Hardware implementation of steganography algorithms can be classified into several categories based on the architectural approach used; these are General Purpose Processor (GPP), dedicated Digital Signal Processors (DSPs), ASICs and FPGAs implementations. The choice of a particular approach is based upon the flexibility, memory requirement, throughput and cost etc. The image steganography algorithms implementation on GPP possess a great deal of flexibility compared with other implementations. In the recent years, processing speed of GPP has been increased significantly. However, the technology has approached the upper limit. The GPP are limited in performance since their instruction sets do not seem to suit for fast processing of high resolution of image enhancement algorithms. In addition, the instructions in GPP are executed in sequence, eventually, the throughput of the system decreases. DSPs (Hines, 2004) have been employed for enhancement of images provides some improvement over the GPPs. Only marginal improvement has been achieved since parallelism and pipelining incorporated in the design are inadequate. The hardware implementation of image enhancement techniques has been strongly influenced by the evolution of Very Large Scale Integration (VLSI) technology. The complex computational tasks in image processing such as 2D convolution, filtering, smoothing and contrast stretching operations encountered in image enhancement techniques are well suited for VLSI implementations. In addition, VLSI based hardware implementation exploits pipelining and massive parallel processing operations, resulting in increased throughput of the image enhancement system.

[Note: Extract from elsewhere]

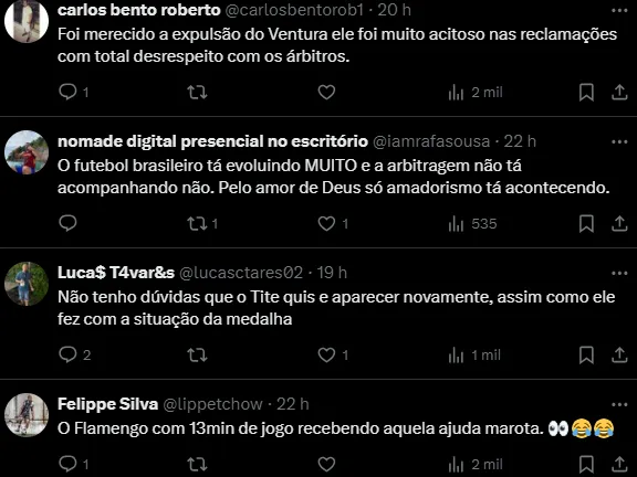 Em uma das reclamações feitas à arbitragem, Jair acabou sendo expulso e o próprio treinador do Fla, Tite, defendeu o colega de profissão com a atitude do juiz.

The image steganography methods implemented in ASIC increases the performance compared with other realizations. However, ASIC implementations require a large time to market and initial investments are high. The ASIC designs are best suited for relatively high volume productions. In the recent years, FPGAs has become an attractive choice of solution for hardware implementation of image steganography algorithms, especially when high throughputs are the needs of the hour. In an image steganography application, for rapid prototyping of new algorithms developed and to dynamically reconfigure, FPGAs are the right choice. FPGAs provides an optimal blend of flexibility of a GPPs and high speed processing that can be achieved using ASICs. An image enhancement architecture design for FPGA/ASIC technology can exploit fully the data and I/O parallelism for image enhancement application. Further, FPGA implementation of image enhancement techniques is cost effective for low volume productions. Therefore, in this chapter, LSB based image steganography algorithms are developed and implemented in FPGAs.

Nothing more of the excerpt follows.